AUGUSTA, Maine — As Congress works to find agreement on a new package of COVID relief money, Maine legislators learned the state’s tax revenue shortfall—a result of the COVID 19 pandemic—has been less severe than expected because of federal aid earlier in the year.

The members of the new Appropriations Committee were briefed Thursday on the budget challenges the state still faces for both the current budget, which ends in June, and the budget for the next two years, which the committee will need to create.

Finance Commissioner Kirsten Figueroa told the lawmakers the loss of tax revenue has not been as severe as projected, in large part because of federal aid over the past nine months. Figueroa said the full range of federal programs had provided well over $7 billion to Maine, much of it in extra unemployment benefits and the Paycheck Protection Program, both of which put dollars into the pockets of several hundred thousand Mainers. Those funds, plus direct stimulus payments, found their way into the Maine economy and spurred sales of a variety of goods and services, along with supporting personal income tax payments.

In addition, the Mills administration has been using $1.2 billion in federal CARES Act funding to pay for a range of services, a number of which have also helped the economy.

“We are in a storm,” said Figueroa, “these funds definitely helped to right the ship stay balanced during the pandemic.” 

Referring to the need for another round of federal aid, still being debated in Washington, she said the state will face new financial problems if that does not appear.

"If we (do not) have continued help from the federal government we will see that impact.”

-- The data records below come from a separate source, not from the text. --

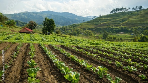 Lush Hillside Farm with Thriving Crops Under Scenic Sky
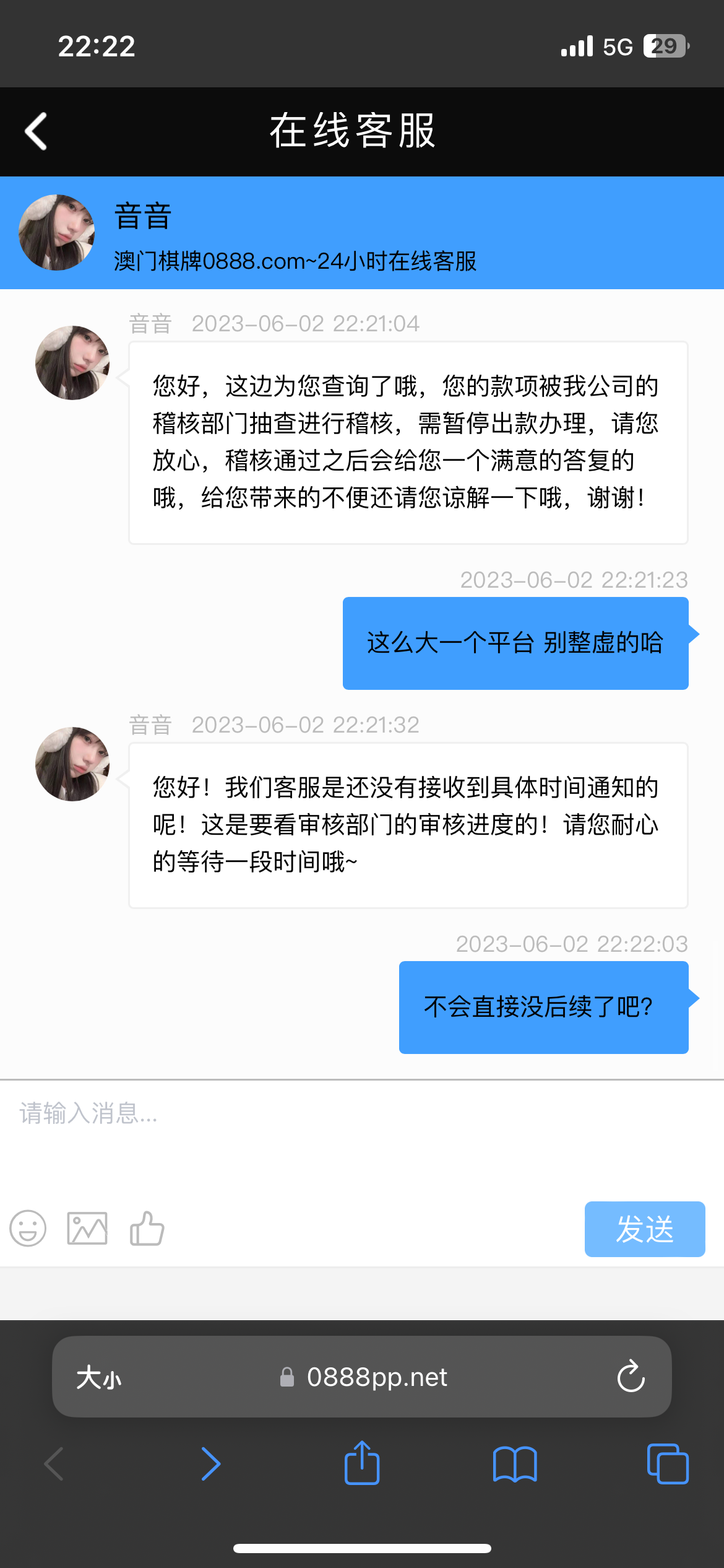 澳门棋牌 之前注册 今天打电话送58 400 显示完成 没到 问客服这么说 兄弟们看看是不是黑台
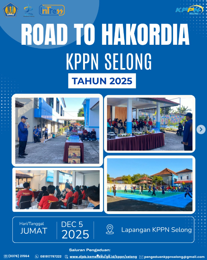 Jumat, 5 Desember 2025, KPPN Selong menggelar kegiatan Road to Hakordia di lapangan KPPN Selong. Acara diawali dengan senam bersama untuk semangat sehat, dilanjutkan dengan sosialisasi anti korupsi oleh Plt. Kepala KPPN Selong, Bapak Adi Widyandana.
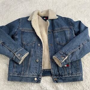Tommy Jeans ‘Archivr’ Sherpa Denim Jean Jacket Unisex Sz XS Cotton Blend Y2K
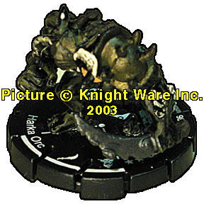 | NAME: Harka Orc RANK: Standard FRQ: 4 FACTION: Orc Khans SUB FACTION: Broken Tusk FIG#: 86 FIG COST: 30 SPEED TYPE: Boot ATTACK TYPE: Sword ATTACK BONUS: 0 DEFENSE TYPE: Shield DAMAGE TYPE: Starburst RANGE: 0 (1 Target) RANGE DAMAGE: 0 FRONT ARC: 90 |
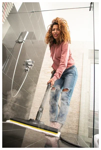 4-ступенчатый регулятор расхода пара на корпусе аппарата обеспечивает выбор оптимального режима обработки в зависимости от вида очищаемой поверхности и ее загрязнённости. Возможность добавления горячей воды в струю пара (функция VapoHydro) облегчает удаление стойких загрязнений, а широкий ассортимент принадлежностей позволяет решать любые задачи, например легко и тщательно очищать труднодоступные места.
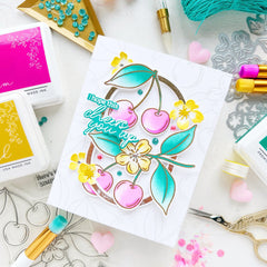 This beautiful cherry-themed stamp set was designed by Kaitlin Sheaffer. It’s perfect for creating cheerful, heartfelt projects. Coordinating products for purchase separately: Cherry Bliss stencil Cherry Bliss die The innovative design has images clustered together on one large stamp, allowing you to stamp all...- $16.00
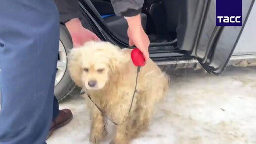 Спасенного из квартиры спаниеля отвезли на обследование в ветклинику
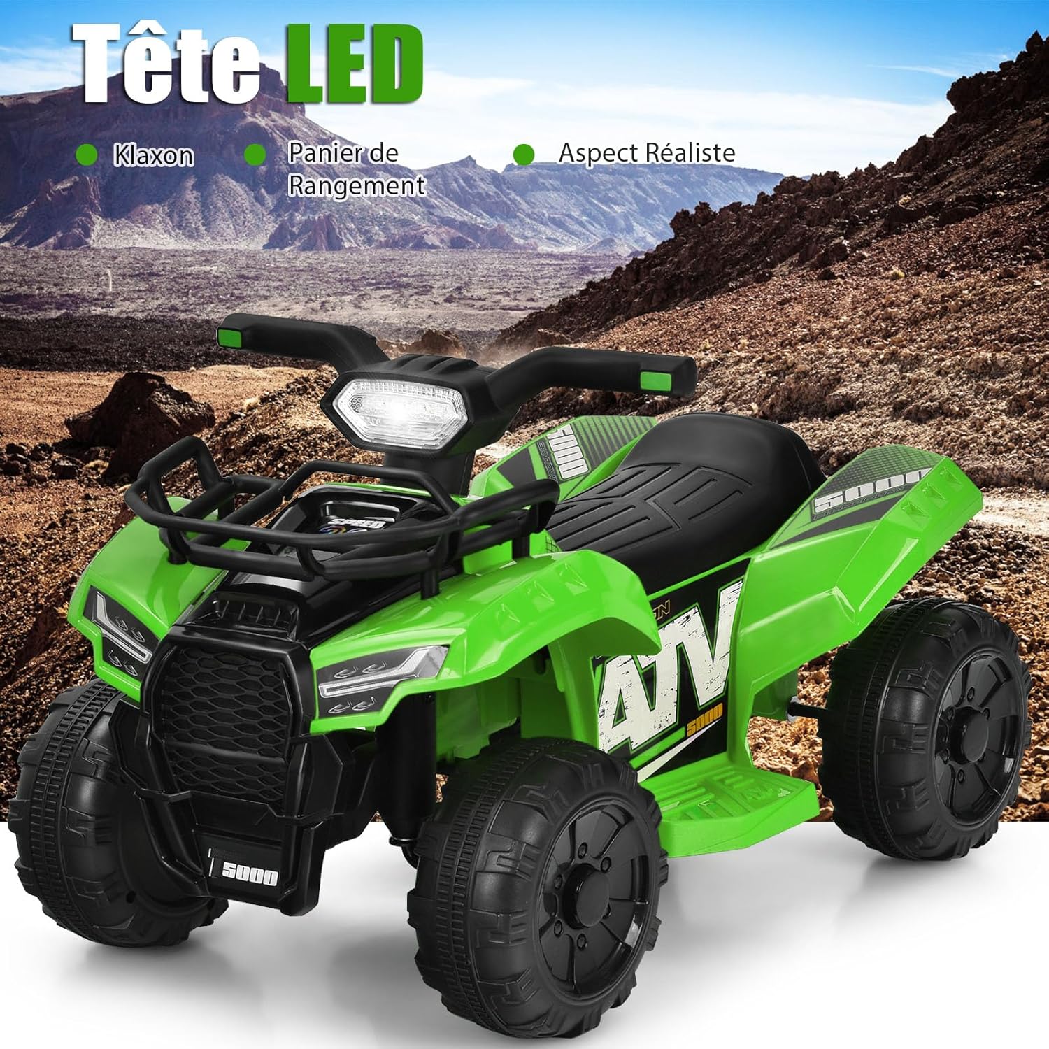 | Libellé | Mini voiture électrique 6v enfant,télécommande effets sonores lumineux led, klaxon et repose-pieds,vert |
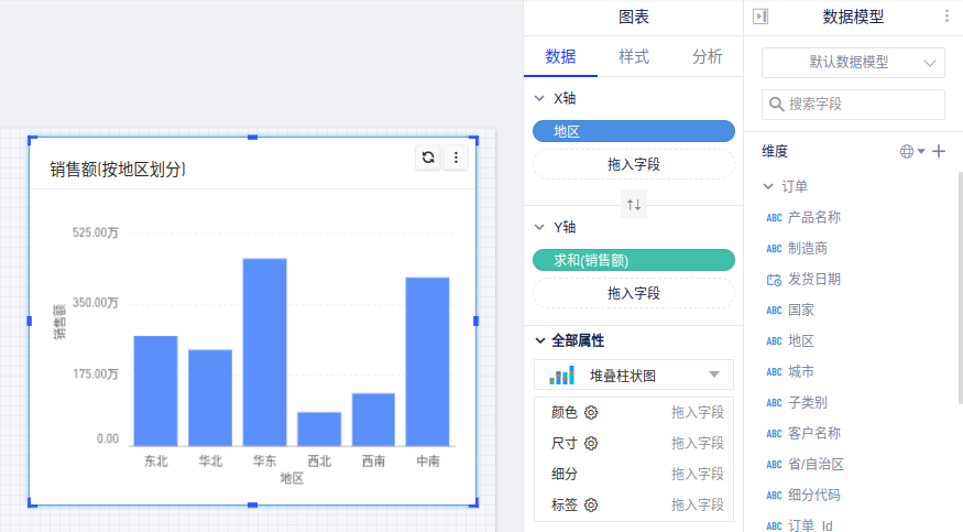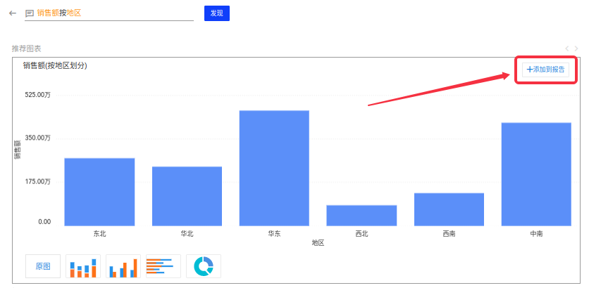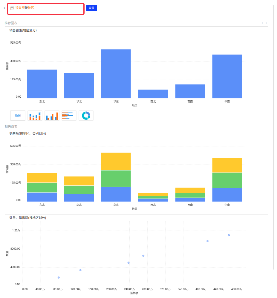 (2)当您输入自然语言提交后,系统会对自然语言进行解析,在该面板的图表展示区自动生成图表。比如输入销售额按地区 得到了以下图表推荐:
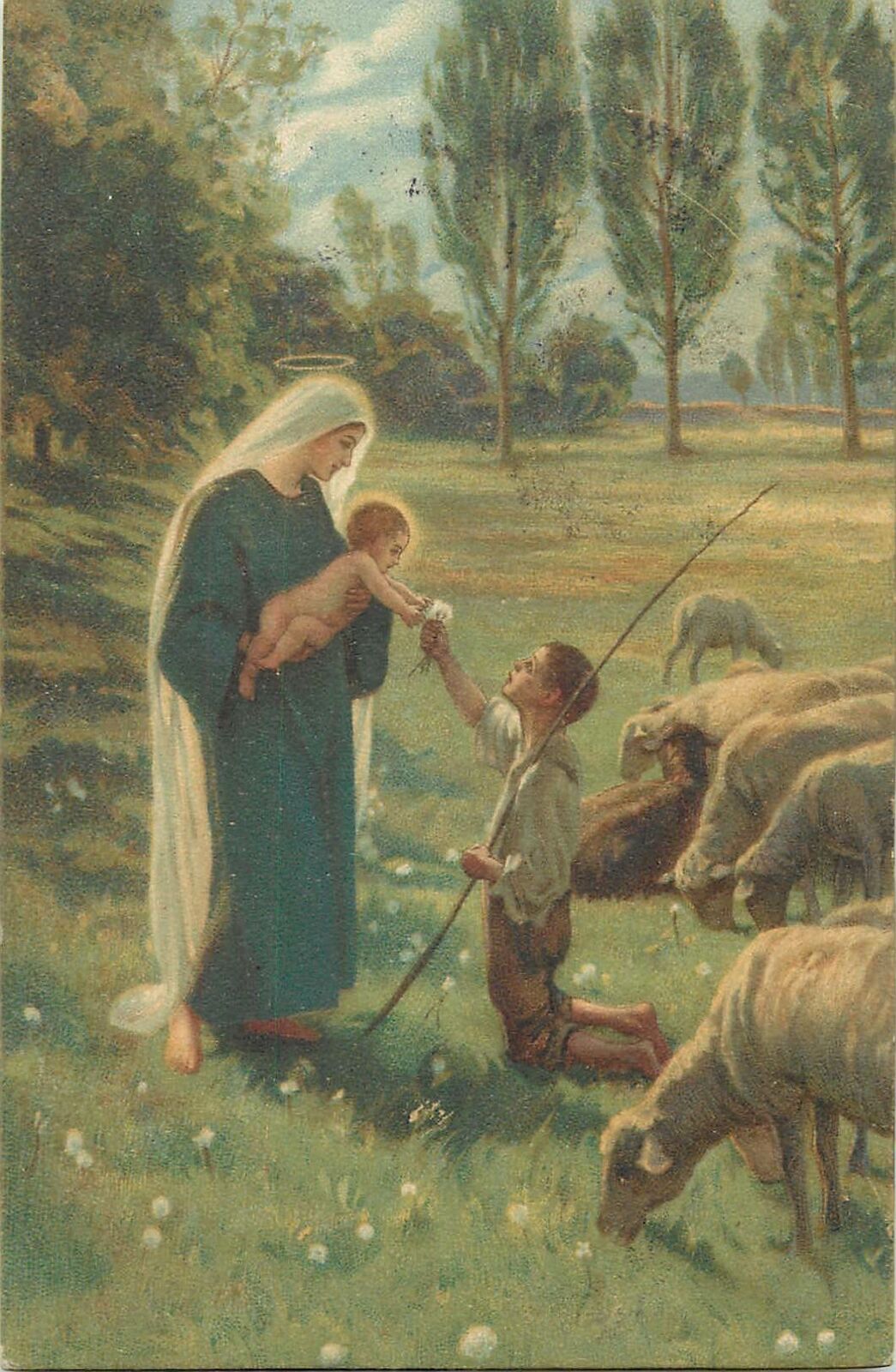 Religion Sheep flock shepherd adoring Jesus legend Postcard

The Governor will issue a supplemental budget request on January 8 to make adjustments in the current budget between January and June to keep it in balance. At the same time, Gov. Mills is scheduled to release her proposed new budget for the next two years. Lawmakers were told current projections show that the budget will face a $400 drop-in tax revenue from 2019, meaning the Appropriations Committee will need to make some hard choices about cuts, tax increases, and use of savings.

“We will use all the tools in our toolbox to make sure we keep programs and essential services as whole as possible, and that we keep our bond rating and economic stability that have been hard-earned that we keep that in place,” said Sen. Cathy Breen (D-Falmouth), the co-chair of the committee.

The committee, she said, is also hopeful of a new round of federal aid, but that is not expected to solve the revenue problems for the new budget.